Permanent Total Disability
A veteran may be classified as having permanent total disability when the impairment is reasonably certain to continue throughout the individual’s life. The federal regulations governing permanent total disability describes the impairments that would qualify for this designation in the following manner:
“The permanent loss or loss of use of both hands, or of both feet, or of one hand and one foot, or of the sight of both eyes, or becoming permanently helpless or bedridden constitutes permanent total disability. Diseases and injuries of long standing which are actually totally incapacitating will be regarded as permanently and totally disabling when the probability of permanent improvement under treatment is remote.
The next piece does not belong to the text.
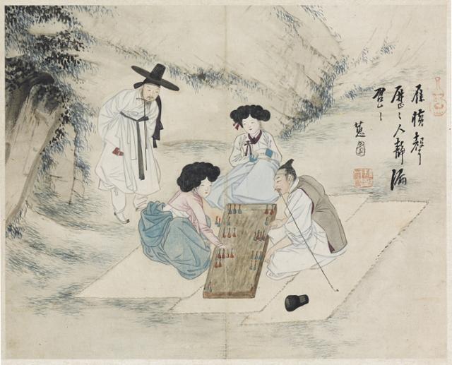 언덕 아래의 산자락에서 유생과 벼슬을 하지 않은 남자가 기생들을 데리고 나와 함께 쌍륙(雙六) 놀이를 즐기고 있는 모습입니다. 조선후기의 경제력 성장으로 여유를 갖게 되자 나라안에 도박과 게임중독이 성행하게 됩니다. 결국, 국가에서 나서서 제지할 정도로 심각한 사회문제가 되었다고 하는데요... 쌍륙은 서양의 체스와 견주어지는 두 편으로 팀을 나누어 주사위를 던져 말을 옮겨가며 하는 보드게임이라 할 수 있습니다. 당시 투전이나 골패는 남성들의 투기성을 띤 방탕한 노름이라 한다면 쌍륙은 그에 비한다면 도박성이 약한 부녀자들의 게임으로 볼 수도 있겠습니다... 그러나 이 기사를 참조해 보면 그 심각성이 가볍지만은 않은 듯합니다. 쌍륙삼매경에 빠져 공주가 병이나도 뒷전이었고 심지어 이 놀이를 하다 싸움으로 번져 궁에 불을 낸 자도 있었다고 하네요... 신윤복 그림의 등장인물들이 왜 이리 열중했는지 알 수 있는 일화들이라 흥미롭습니다.

Permanent total disability ratings may not be granted as a result of any incapacity from acute infectious disease, accident, or injury, unless there is present one of the recognized combinations or permanent loss of use of extremities or sight, or the person is in the strict sense permanently helpless or bedridden, or when it is reasonably certain that a subsidence of the acute or temporary symptoms will be followed by irreducible totality of disability by way of residuals. The age of the disabled person may be considered in determining permanence.” (From 38 CFR §3.340 Total and Permanent Total Ratings and Unemployability).
The designation of total disability or permanent total disability is important because certain benefits are only afforded to individuals with these classifications. In addition, designations of total or permanent total disability may increase the amount of monetary benefits a veteran is entitled to receive.